Understanding the Genomics and Genetics of Cancer

Clinical Trials

Research studies known as clinical trials identify new and better ways to treat cancer and its symptoms and side effects. They have traditionally tested medical approaches and researched new drugs, drug combinations, medical procedures or devices. In the past few years, to support the emphasis on patient-centered cancer care, significantly more clinical trials have focused on biomarkers, giving some patients the opportunity to access the latest developments in targeted treatments.

These types of clinical trials are designed to help researchers learn more about the way biomarkers influence how cancer begins, grows and reacts to treatment. As a result, more prevention, diagnosis and treatment options are becoming available for people with cancer.

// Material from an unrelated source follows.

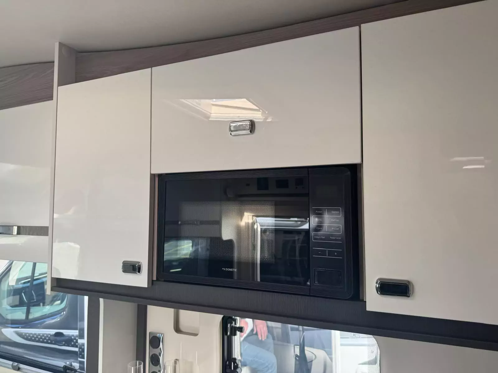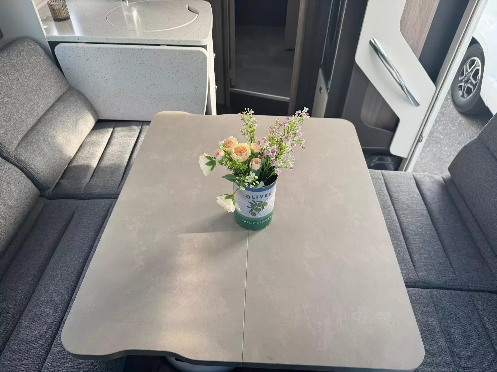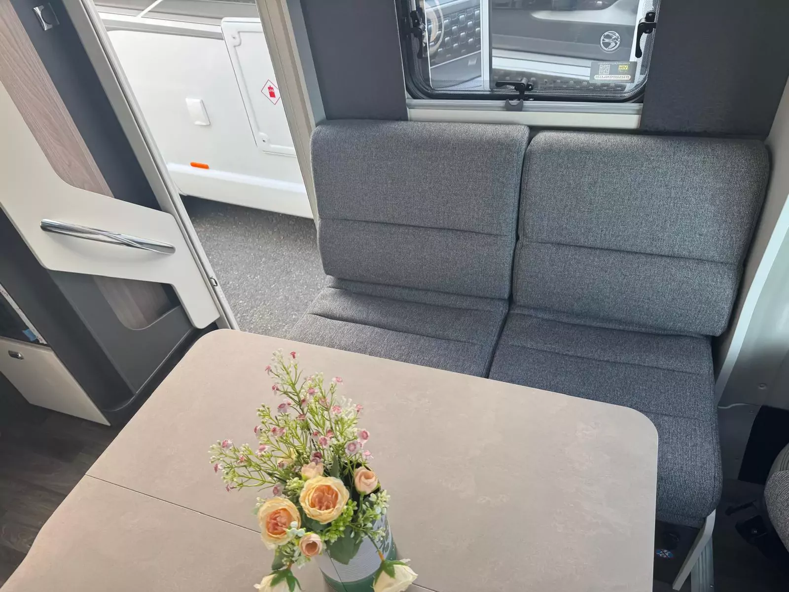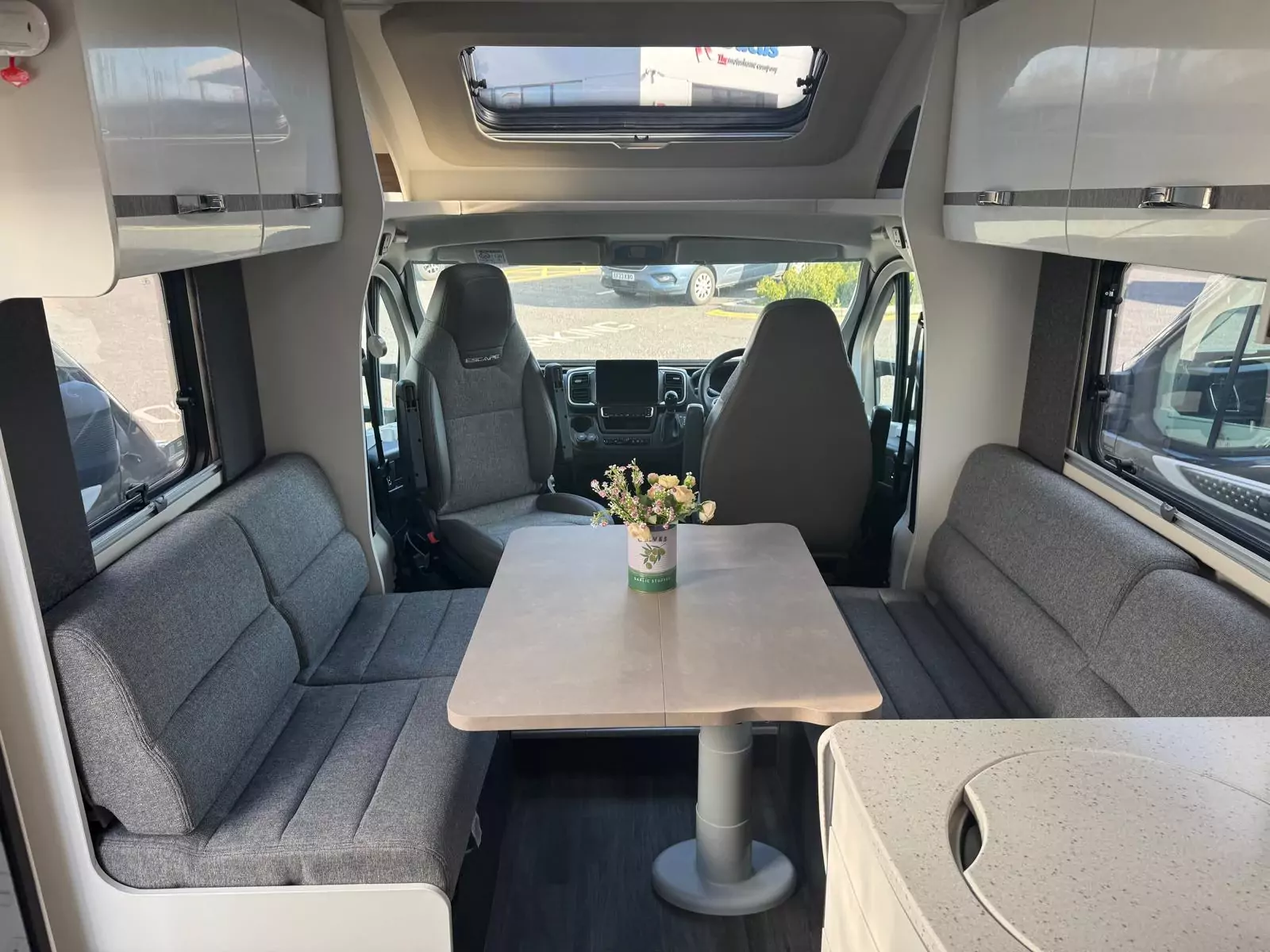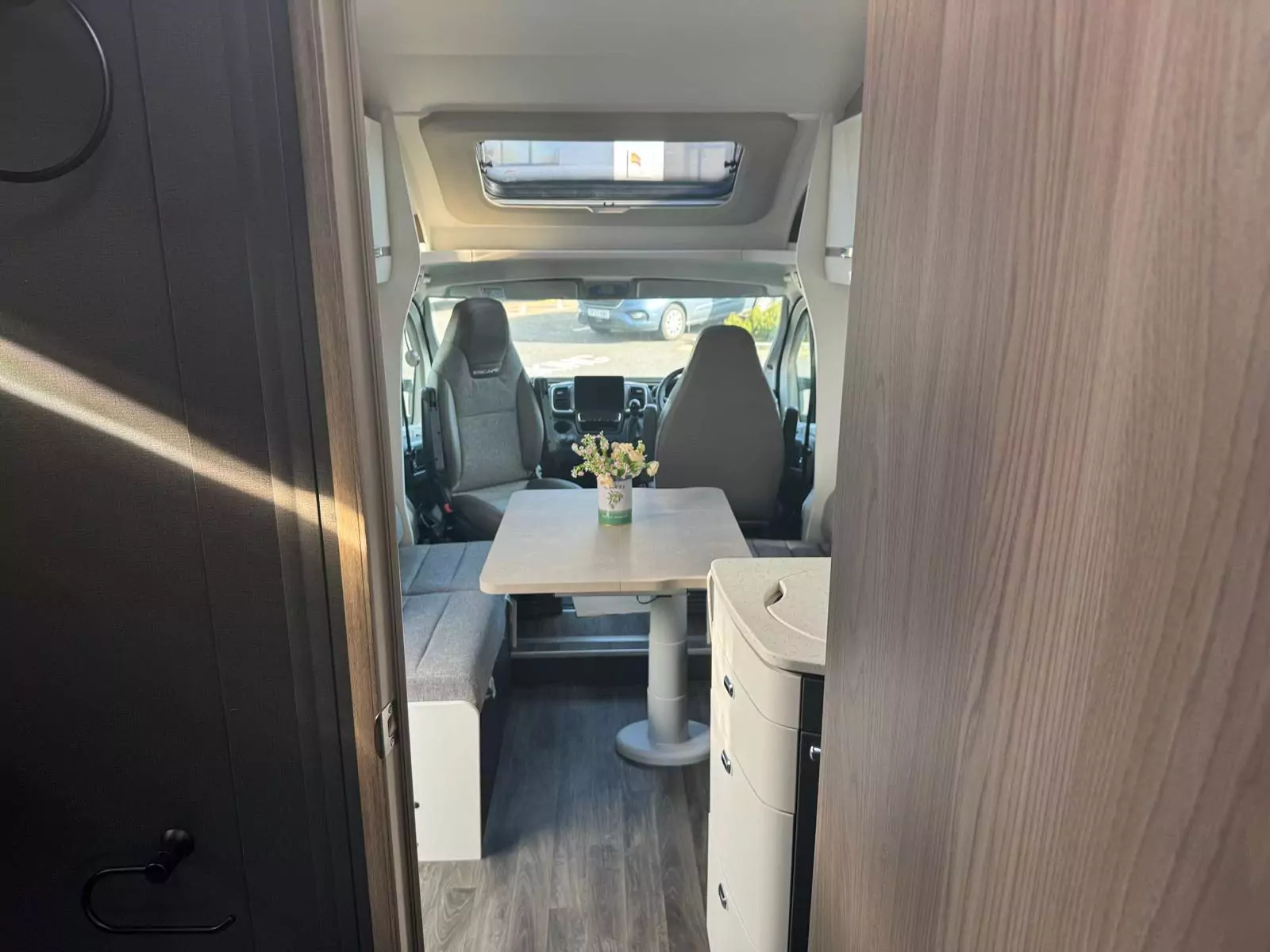 The kitchen is fully equipped for life on the move, featuring a Thetford Triplex oven and grill, three-burner gas hob with electric hotplate, and a 133L tall slimline Dometic fridge with removable freezer compartment. Practical design touches include a new textured Grit Gres worktop, slim stainless steel sink, illuminated splashback, and extra worktop extensions for added prep space. Dining is equally versatile, thanks to front parallel lounge layouts with fold-down travelling seats and optional Mapa electric rise-and-fall tables.

For some people, the results of biomarker testing may indicate they are eligible for a treatment used in a clinical trial that is based on the biomarkers in their cancer instead of where in the body the cancer began. These are called “basket trials.” Other people may be eligible for “umbrella trials,” which test how well new drugs or other substances work in people who have the same type of cancer but different mutations or biomarkers.

Talk with your doctor before treatment begins, if possible, about whether you should consider a clinical trial. There is evidence that patients who are able to participate in clinical trials as part of their treatment may do better and live longer.

Searching for a Clinical Trial

You can be proactive and help your medical team look for clinical trials. Not only will you become more informed about available research studies, you may find the next step in your treatment plan.

To get started:

Step 1: Have available your exact diagnosis, biomarker test results, pathology report and details of previous treatments (if applicable). These will help you narrow the list of trials that may be a good fit for you.

Step 2: Decide whether to search online or by phone. Some clinical trial search websites are customized to a certain cancer type; others are much broader. No single list contains every open clinical trial, and new trials are continually being added, so check back often. See Assistance, page 17, for websites and telephone numbers.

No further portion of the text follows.